Di ben diverso avviso il prof. Plutino, costituzionalista e componente del comitato “Democratici per il No”. Proprio l’assenza delle altre riforme rende, a suo avviso, necessario un voto contrario. “Tutte le ipotesi di riduzione del numero dei parlamentari sono state formulate nell’ambito di progetti di differenziazione delle funzioni delle due Camere”[ 6]. In passato, quando si è parlato di tagliare il numero dei parlamentari lo si è fatto solo perché si era intenzionati a cambiare il sistema istituzionale. Il taglio da solo, quale anticipazione di altre (eventuali) riforme, non ha senso alcuno. Ridurre il numero dei parlamentari, infatti, ha senso solo se inserito in un progetto di superamento del bicameralismo perfetto. Non a caso la riforma del 2016 (anche il prof. Plutino la sosteneva) manteneva invariato il numero dei deputati (630), ma riduceva il numero dei senatori (100 in tutto) perché affidava loro il compito di rappresentanti delle Regioni. Il prof. Plutino, infine, richiama un’intervista del prof. Ceccanti al Corriere della sera del maggio 2019, in cui lo stesso senatore del PD riconosceva che “questo è uno spot elettorale e basta. È un taglio casuale e numerico. Non c’è stata alcuna volontà di affrontare i nodi strutturali di un bicameralismo ripetitivo totalmente indifendibile”.

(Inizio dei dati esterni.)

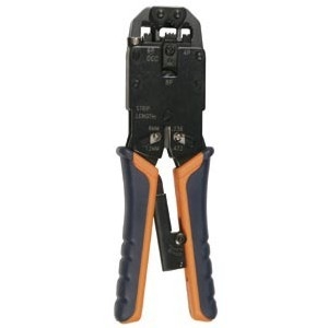 Kleště lisovací 4/6/8 celokovové s račnou pro konektory 4/4 , 6/6, 8/8 Modré měkčené rukojeti s vestavěným striperem na kulatý kabel.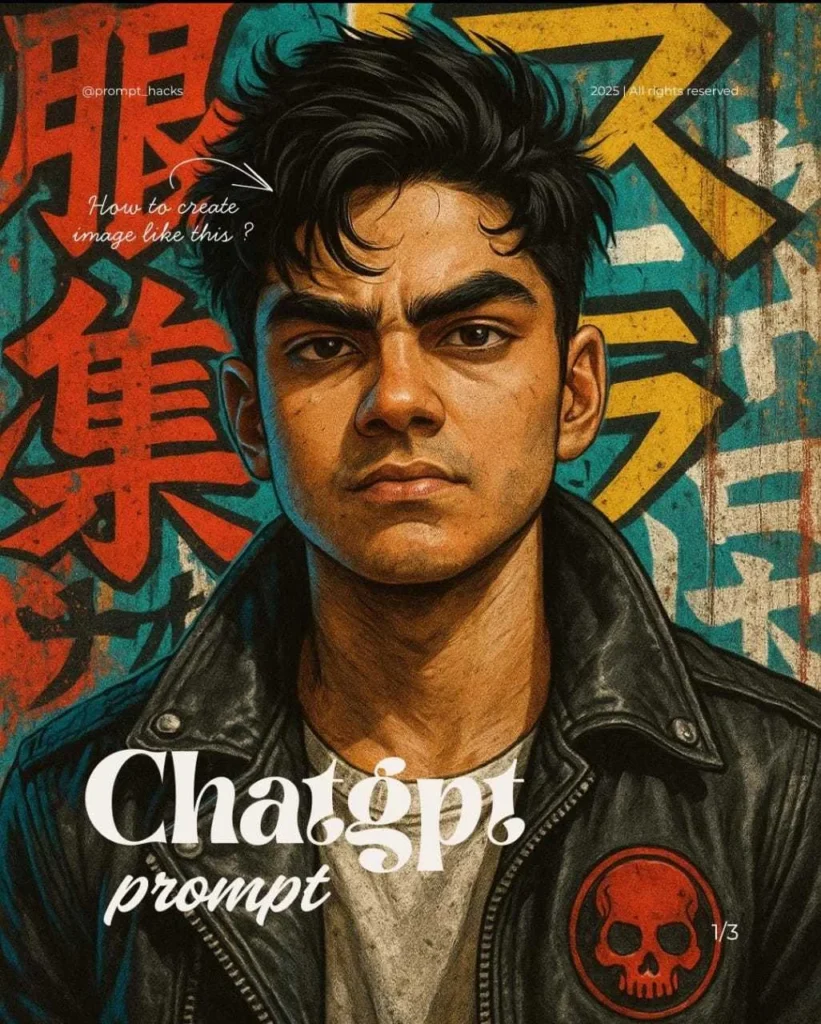Ultra Create a hyperdetailed, manga-inspired, streetart-style portrait of a rebellious young man (take face from reference image i uploaded), standing against a vibrant urban backdrop filled with abstract Kanji and bold graphic textures.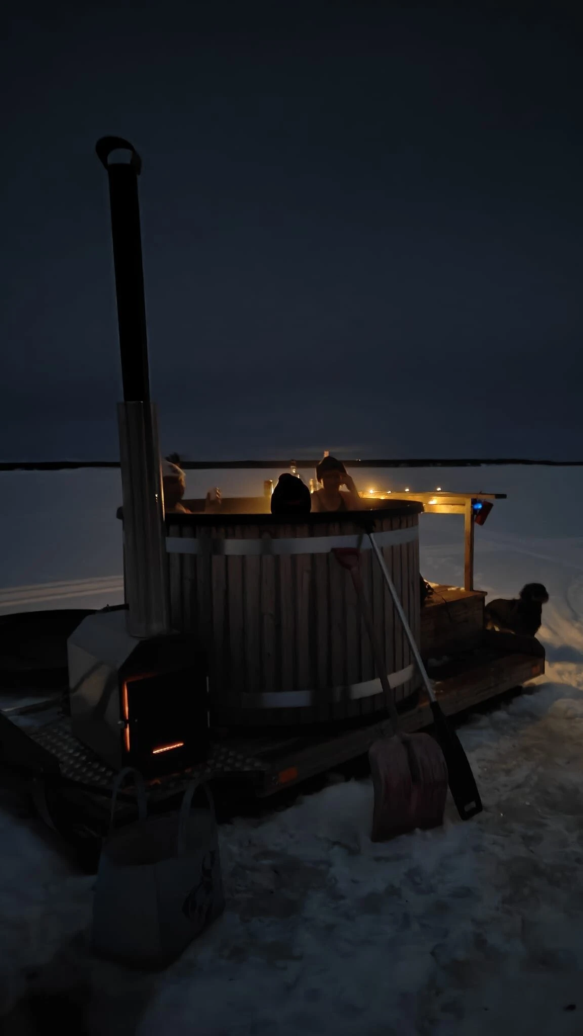 The next step could be a dip in fresh, gurgling, even healing water. Did you know that dipping in the cold water has been found to increase the secretion of pleasure hormones and decrease stress hormones! After that is nice to feel the warmth of the hot tube in your body and fresh winter air in your head.

Al di là delle punzecchiature tra professori universitari, non va trascurato uno dei principali temi posti dai sostenitori del NO. Come su illustrato, alcuni sostenitori del NO si dimostrarono nel 2016 favorevoli a ridurre il numero dei senatori, ma a lasciare invariato il numero di deputati. Il taglio dei senatori era, infatti, allora giustificato dal fatto che il Senato avrebbe avuto competenze ben diverse da quelle della Camera e che i senatori non avrebbero rappresentato direttamente i cittadini, ma le Regioni che li nominavano. I contrari all’attuale riforma ritengono che la stessa vada bocciata, anche perché creerebbe, a differenza della riforma del 2016, un serio problema di rappresentanza: molte province non vedrebbero eletto neanche un loro rappresentante in Parlamento e alcune regioni finirebbero per avere più rappresentanza di altre. Per dirla in modo semplice, per eleggere un deputato di Vicenza ci vorrebbero molti meno voti che per eleggere un deputato di Potenza. Il prof. Onida obietta, però, che “ci sono, anche oggi, delle differenze fra Regioni perché il Senato è eletto su base regionale, e ogni Regione ha come minimo sette senatori (diventerebbero tre). Quindi il numero di senatori da eleggere non è perfettamente proporzionale alla popolazione della Regione”. I sostenitori del NO, invece, contestano che da questo taglio si rafforzerebbe “un’Italia diseguale, dove in Trentino Alto Adige in media ci sarà un seggio elettivo per il senato ogni 171mila abitanti. E in Sardegna un seggio elettivo ogni 328mila abitanti, vale a dire quasi il doppio”. Questo avrebbe rilievo perché finirebbe per avere “effetti anche sulla rappresentanza politica, penalizzando le liste meno forti, oltre che sulla rappresentanza territoriale” [7].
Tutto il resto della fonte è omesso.